**What the exercise asks**
Among the entries below, which lines run from the line with "Rosa Sweatshirt aus" through the line with "aber gleichzeitig elegant."? Retype those, both ends included, exactly and without pictures.

(Entries taken from a collection)
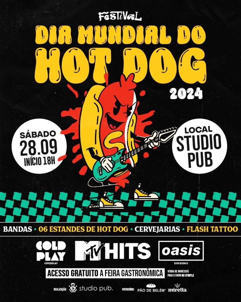 Para os amantes de hot dog, cerveja e música ao vivo, neste sábado (28), vai ser realizado mais uma edição do Festival Dia Mundial do Hot Dog, no Studio Pub da Presidente Pernambuco a partir das 18h, com banda ao vivo, muitas opções de hot dogs, além de cervejas artesanais e diversas outras atrações.
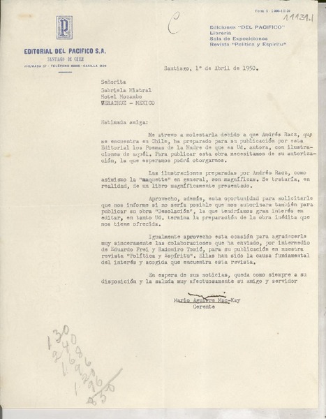 [Carta] 1950 abr. 1, Santiago, [Chile] [a] Gabriela Mistral, Hotel Mocambo, Veracruz, México [manuscrito] Mario Aguirre Mac-Kay.
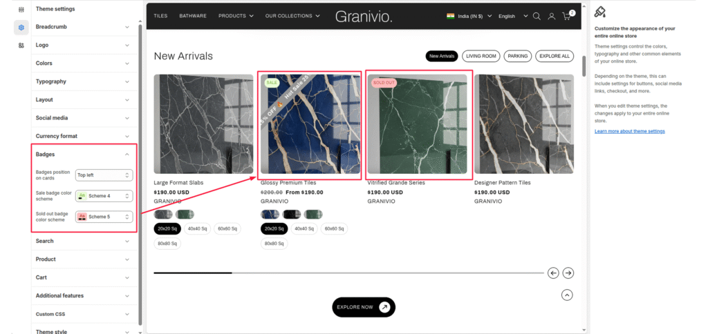You can set the badge position on cards, top left/top right, and bottom left/bottom right.
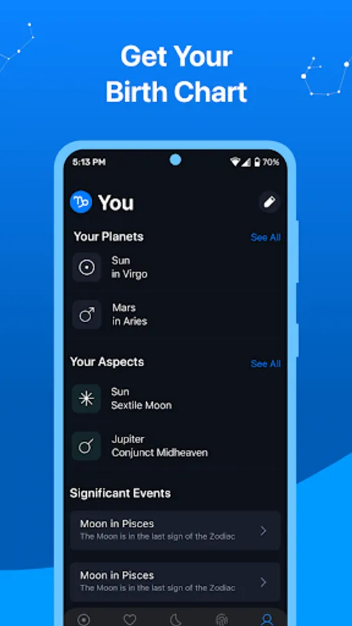 View your birth chart and natal chart based on your birth date, time and place. Get personalized astrology chart and explore your unique birth chart. Get up to date information on planetary transits delivered straight to your device. Your birth chart is updated each day as planets move. Natal chart shows how planets and houses effects your life.
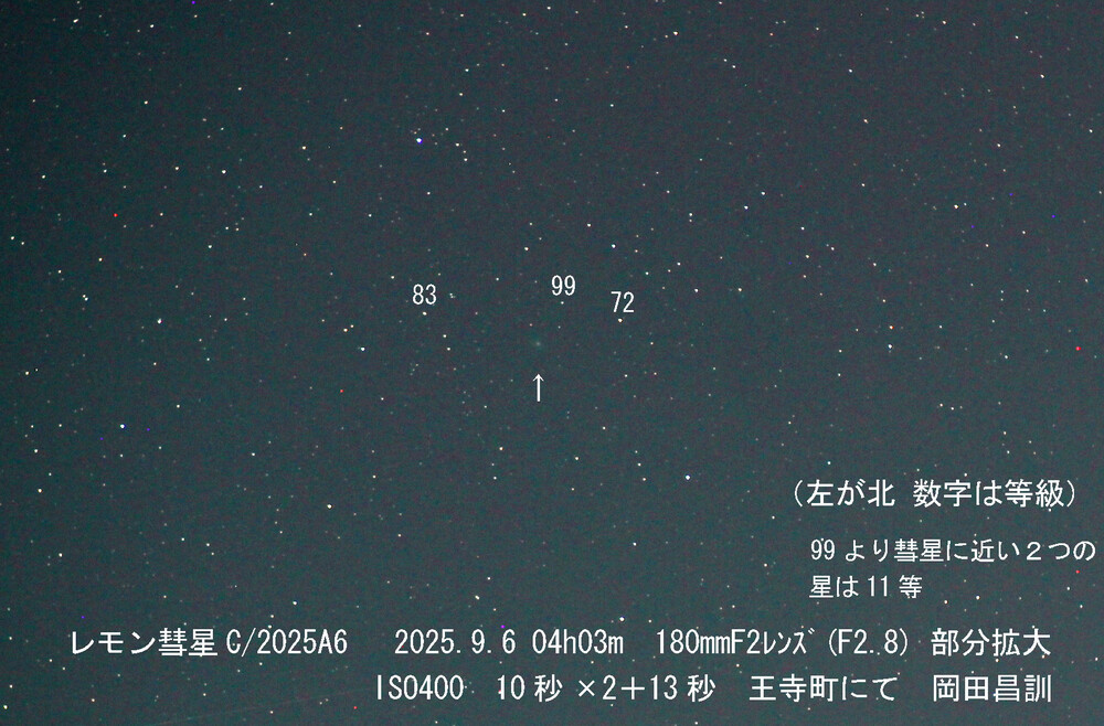 この彗星の詳細や観測星図は、次の投稿をご覧下さい。
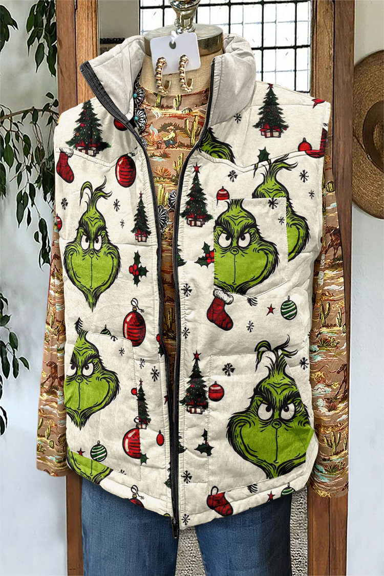 Stay on trend this season in our new cozy, mandarin collar vest. We especially love the graphic print fabric and think this piece will be a new favorite in your closet!
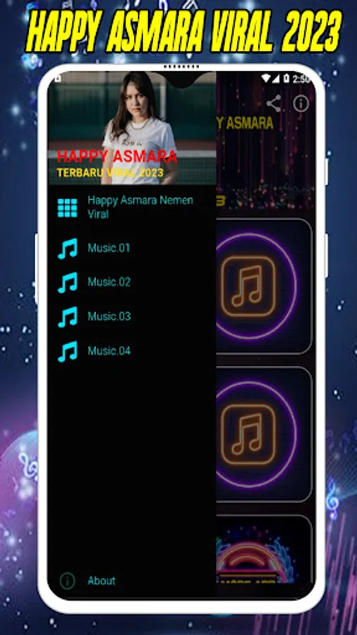 We made the Happy Asmara Nemen Viral 2023 music player application to help you listen to various kinds of music. All the latest Dangdut Koplo and Dangdut Viral songs, of course, this application can be used offline, this application is perfect for listening to every day because this application contains a full collection of Dangdutj songs. bass, dangdut koplo and many more dangdut songs that are nice to hear, this application is also very light and easy to use, please download this application and listen to music to your heart's content with clear audio quality
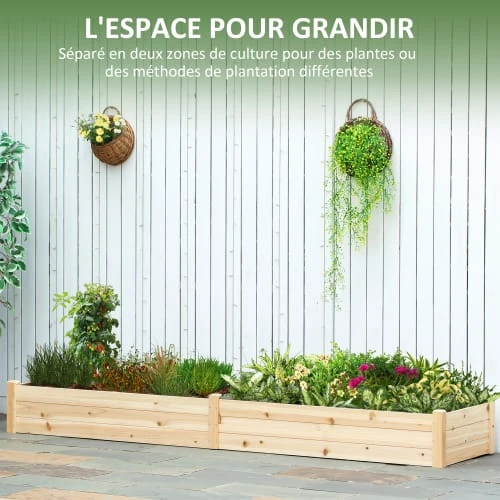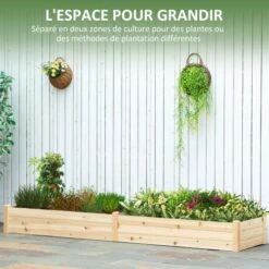 – Carré potager rectangulaire avec panneaux en bois naturel de sapin idéal pour ajouter une touche d’élégance à votre jardin ou plantation
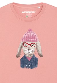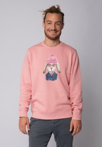 Rosa Sweatshirt aus Baumwolle mit Rundhalsausschnitt und langen Ärmeln, mit einem Grafikdruck von einem Hasen, der eine Brille und eine Mütze trägt.
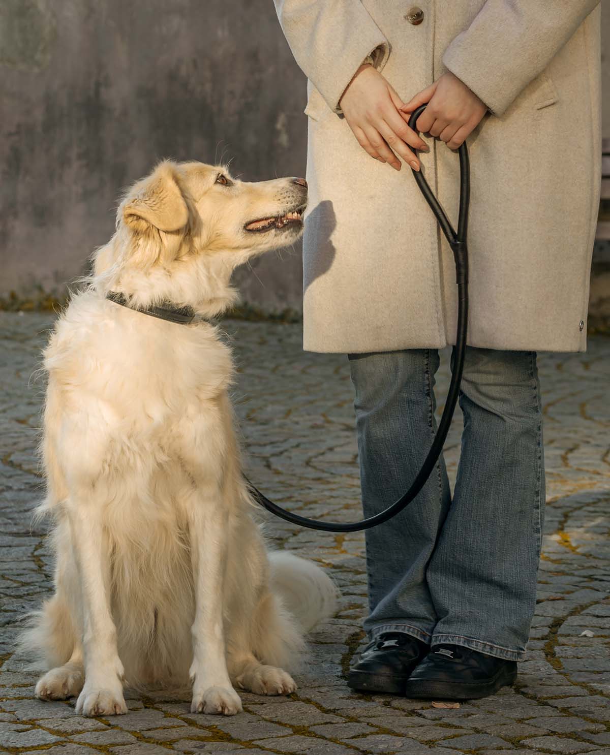 Mit der „Abelard“ Leder Hundeleine erhältst Du nicht nur ein praktisches, sondern auch ein ästhetisches Produkt. Das zeitlose schwarze Leder passt zu jedem Hund und verleiht Deinen Ausflügen einen Hauch von Raffinesse. Der robuste Karabinerhaken sorgt für eine sichere Verbindung und lässt sich mühelos an Deinem Hundegeschirr befestigen. Die Leine ist ideal für den täglichen Gebrauch – strapazierfähig, aber gleichzeitig elegant.
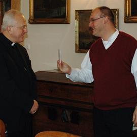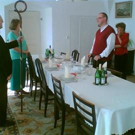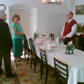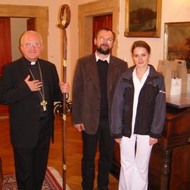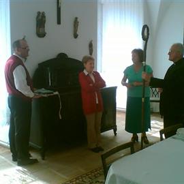 Oslava narozenin Mons. Jana Baxanta Jana Michálková, Pavel Baxant, Karel Kočí 8.října 2009 61. narozeniny biskupa Jana Baxanta, Litoměřice

**Response**
 Rosa Sweatshirt aus Baumwolle mit Rundhalsausschnitt und langen Ärmeln, mit einem Grafikdruck von einem Hasen, der eine Brille und eine Mütze trägt.
 Mit der „Abelard“ Leder Hundeleine erhältst Du nicht nur ein praktisches, sondern auch ein ästhetisches Produkt. Das zeitlose schwarze Leder passt zu jedem Hund und verleiht Deinen Ausflügen einen Hauch von Raffinesse. Der robuste Karabinerhaken sorgt für eine sichere Verbindung und lässt sich mühelos an Deinem Hundegeschirr befestigen. Die Leine ist ideal für den täglichen Gebrauch – strapazierfähig, aber gleichzeitig elegant.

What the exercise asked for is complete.